Selon le journal L’Espresso, « la guerre berlusconienne menée contre la magistrature sert l’impunité des plus puissants. Elle conduit surtout à la dissolution morale. Les crimes cesseront d’être des crimes si la conscience dominante ne les considère pas comme tels. Il a fallu des siècles pour en finir avec les privilèges de l’aristocratie et pour modérer les égoïsmes de la société de classe. Aujourd’hui nous en sommes à la dictature du clientélisme »

Manif’citoyenne

Une manifestation « citoyenne » contre cette loi « Sauvez Berlusconi » a été organisée samedi 14 septembre à Rome . De Turin à Palerme, la mobilisation fut importante. Des centaines de cars ont été loués, des milliers de places ont été réservées à bord de trains et nombre de manifestants sont venus par leurs propres moyens à Rome. Les manifestants espèrent que l’écho de leur protestation arrivera jusqu’aux Etats-Unis où le président américain George Bush doit recevoir Silvio Berlusconi. Ils veulent dénoncer un projet de loi dont l’adoption entraverait le déroulement d’un procès dans lequel le chef du gouvernement et homme d’affaires est poursuivi pour corruption de magistrats et faux en bilan, deux délits considérés comme très graves aux Etats-Unis.

L’appel à la manifestation a été lancé fin juillet par le cinéaste Nanni Moretti, Palme d’Or au Festival de Cannes 2001 pour « La chambre du fils ». Des centaines de personnalités italiennes ont souscrit à cette protestation et nombre d’entre elles étaient dans la foule. La plupart des dirigeants politiques de l’opposition ont également annoncé leur présence « en tant que citoyens ». Devant l’ampleur du mouvement, la manifestation est devenue une « fête de la protestation » et ses initiateurs ont reconnu être quelque peu débordés.
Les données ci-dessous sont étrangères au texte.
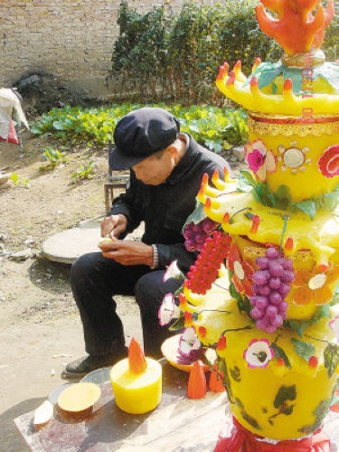 趙立功說灌制豆村大蠟的秘方是經過歷代大蠟藝人的調制流傳下來的,所以一米多高的大蠟遇高溫不熔不化,裝飾用的飛禽走獸、花鳥魚蟲也是蠟做的,放置時間再長也不變形、不褪色。在周至縣文化館的非物質文化遺產展廳里,記者見到了兩個老人幾年前做的大蠟,在沒有任何保護下,至今還色彩艷麗、紋飾如新。

Aucun appareil politique ou syndical n’a soutenu en effet cette manifestation, voulue comme un mouvement de protestation citoyen.« Ce n’était jamais arrivé dans l’histoire de la démocratie en Italie qu’un mouvement spontané réussisse, sans le soutien des partis ou des syndicats, à réunir dans la rue tant de personnes », ont souligné les journaux comme La Republica.


Écrit le 24 septembre 2003 :

Berlusconi absout le fascisme

« Berlusconi : polémique sur le fascisme », titre le journal La Stampa tandis que Le Corriere della Sera demande au Cavaliere de « [se] replonger dans [ses] livres d’histoire ». La raison de ce nouveau tumulte autour du Premier ministre italien ? Lors d’un entretien accordé à deux journalistes britanniques, le président du Conseil italien a déclaré que Mussolini « n’a jamais tué personne. Il envoyait les gens en vacances aux confins du pays », raconte le Corriere della Sera. Drôle de façon de présenter la guerre !

Le journal La Repubblica estime que le Cavaliere a, en agissant de la sorte, « absout le fascisme ». « Qu’un chef de gouvernement puisse traiter sur le mode de la farce une telle tragédie historique est un défi à la conscience et à l’intelligence de chacun », ajoute ce journal.